Statistics from Altmetric.com
If you wish to reuse any or all of this article please use the link below which will take you to the Copyright Clearance Center’s RightsLink service. You will be able to get a quick price and instant permission to reuse the content in many different ways.
Health managers, clinical researchers, and individual patients need to understand and manage variation in healthcare processes in different time frames and in different ways. In short, they ask different questions about why and how healthcare processes and outcomes change (table 1). Confusing the needs of these three stakeholders results in misunderstanding.
Our extensive experience in working with healthcare managers has taught us that their primary goal is to maintain and improve the quality of care processes and outcomes for groups of patients. Ongoing care and its improvement are temporal, so in their situation, learning from variation over time is essential. Data are organised over time to answer the fundamental management question: is care today as good as or better than it was in the past, and how likely is it to be better tomorrow? In answering that question, it becomes crucial to understand the difference between common-cause and special-cause variation (as will be discussed later). Common-cause variation appears as random variation in all measures from healthcare processes.1 Special-cause variation appears as the effect of causes outside the core processes of the work. Management can reduce this variation by enabling the easy recognition of special-cause variation and by changing healthcare processes—by supporting the use of clinical practice guidelines, for example—but common-cause variation can never be eliminated.
The magnitude of common-cause variation creates the upper and lower control limits in Shewhart control charts.2–5 Such charts summarise the work of health managers well. Figure 1 shows a Shewhart control chart (p-chart) developed by a quality-improvement team whose aim was to increase compliance with a new care protocol. The clinical records of eligible patients discharged (45–75 patients) were evaluated each week by the team, and records indicating that the complete protocol was followed were identified. The baseline control chart showed a stable process with a centre line (average performance) of 38% compliance. The team analysed the aspects of the protocol that were not followed and developed process changes to make it easier to complete these particular tasks. After successfully adapting the changes to the local environment (indicated by weekly points above the upper control limit in the ‘Implementing Changes’ period), the team formally implemented the changes in each unit. The team continued to monitor the process and eventually developed updated limits for the chart. The updated chart indicated a stable process averaging 83%.

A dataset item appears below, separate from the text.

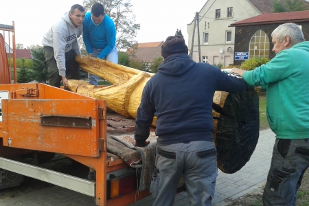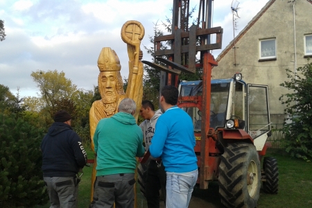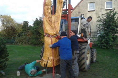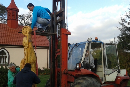 W dniu wczorajszym grupa aktywnych mieszkańców przewiozła rzeźbę z pracowni pana Mariana, na plac przy kościele. Tam przy pomocy mocnego sprzętu zamontowano rzeźbę. Było ciężko, ale udało się. Dziękuję panom za ich bezinteresowną pomoc. W taki oto sposób św Wojciech przywędrował ponownie do Słączna.

This control chart makes it clear that a stable but inferior process was operating for the first 11 weeks and, by inference, probably before that. The annotated changes (testing, adapting and implementing new processes of care) are linked to designed tests of change which are special (assignable) causes of variation, in this case, to improvement after week 15, after which a new better stable process has taken hold. Note that there is common-cause (random) variation in both the old and improved processes.
After updating the control limits, the chart reveals a new stable process with no special-cause variation, which is to say, no points above or below the control limits (the dotted lines). Note that the change after week 15 cannot easily be explained by chance (random, or common-cause, variation), since the probability of 13 points in a row occurring by chance above the baseline control limit is one divided by 2 to the 13th power. This is the same likelihood that in flipping a coin 13 times, it will come up heads every time. This level of statistical power to exclude randomness as an explanation is not to be found in randomised controlled trials (RCTs). Although there is no hard-and-fast rule about the number of observations over time needed to demonstrate process stability and establish change, we believe a persuasive control chart requires 20–30 or more observations.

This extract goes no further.